|Adm. – Grad.||2008 – 2011|
|Dir.; Codir.||Stéphane Gagnon; Alain Charbonneau|
Impact of Integrating a Standard XBRL Ontology to Automated Text Classification: An Application to Financial News
Even though many methods, developed in the field of automatic text categorization, have achieved significant levels of precision when it comes to simple structure of texts (e.g. emails, summaries, etc.). Nevertheless, there remains much to do in the case of complex documents such as financial news and similar knowledge-based analyses. This complexity makes it more difficult to formalize and update a representative knowledge base, which directly influence text mining in the identification of common issues between the text and the components (by analysis of similarities and hierarchies) and there monitoring through time (e.g., Topic Detection and Tracking).

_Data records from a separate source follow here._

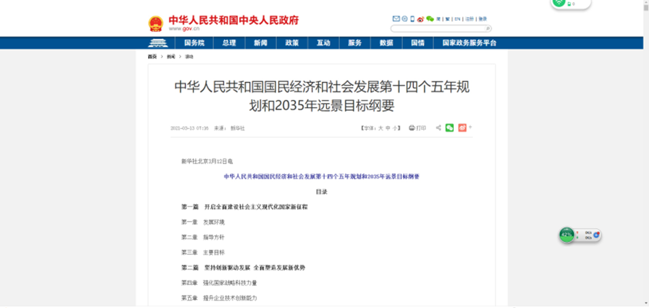 图1:《中华人民共和国国民经济和社会发展第十四个五年规划和2035年远景目标纲要》
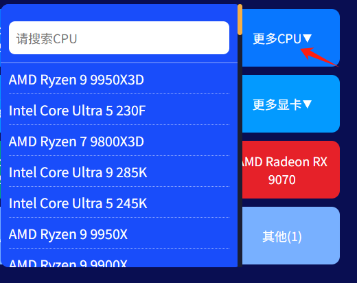 点击更多CPU,会显示CPU列表,可以在上方搜索框搜索自己的CPU型号,也可以下拉找到自己的CPU并选择。
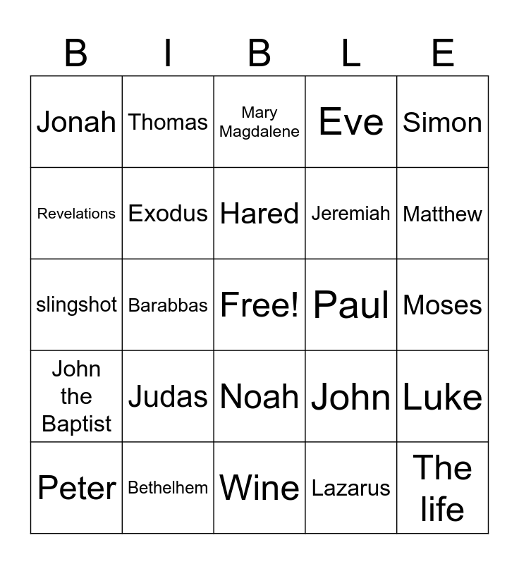 This bingo card has a free space and 29 words: Peter, Adam, Barabbas, Psalms, Jonah, Mary Magdalene, Exodus, Judas, Paul, Bethelhem, Moses, The life, Wine, Lazarus, Matthew, 5000, Noah, John the Baptist, Simon, slingshot, John, 40, Jeremiah, Revelations, Eve, Thomas, Luke, Hared and Matthias.
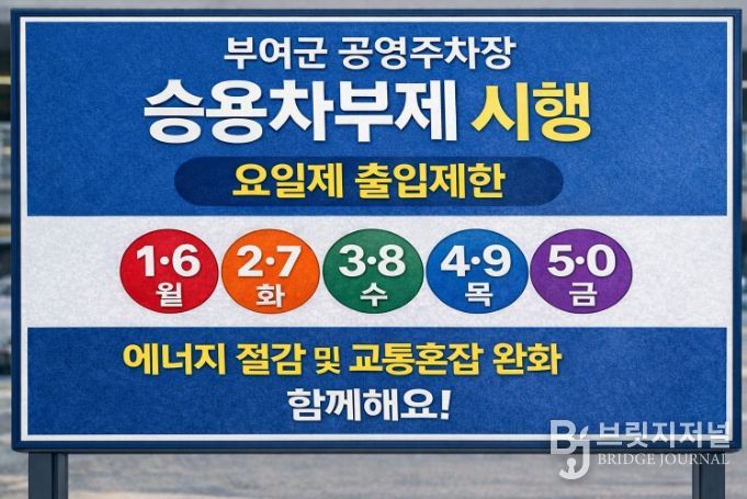 브릿지저널 정보영 기자 | 부여군은 중동 정세 지속에 따른 자원안보위기에 대응하여 에너지 소비 절감과 지역 교통환경 개선을 위해 승용차부제를 시행한다고 밝혔다.

In this research, we propose to adopt, as a model for formal representation of knowledge, normalized ontology which has recently demonstrated an improvement in classification results. Among the research conducted in this area we include Wikipedia ontology that contains, in 2007, two million entries by itself , the multilingual classification based on ontology  and the integration of the ontology inside information retrieval tasks (especially in the grouping of texts and tasks of classification) . To validate our approach, experiments will be conducted using a commercial classifier IBM Classification Module (ICM, a module of IBM OmniFind). Our classification tests are performed on a specific subset of new financial sector from the Reuters Corpus Version 1 (RCV1) which, with its 810 000 news, is considered as the largest collection of news available.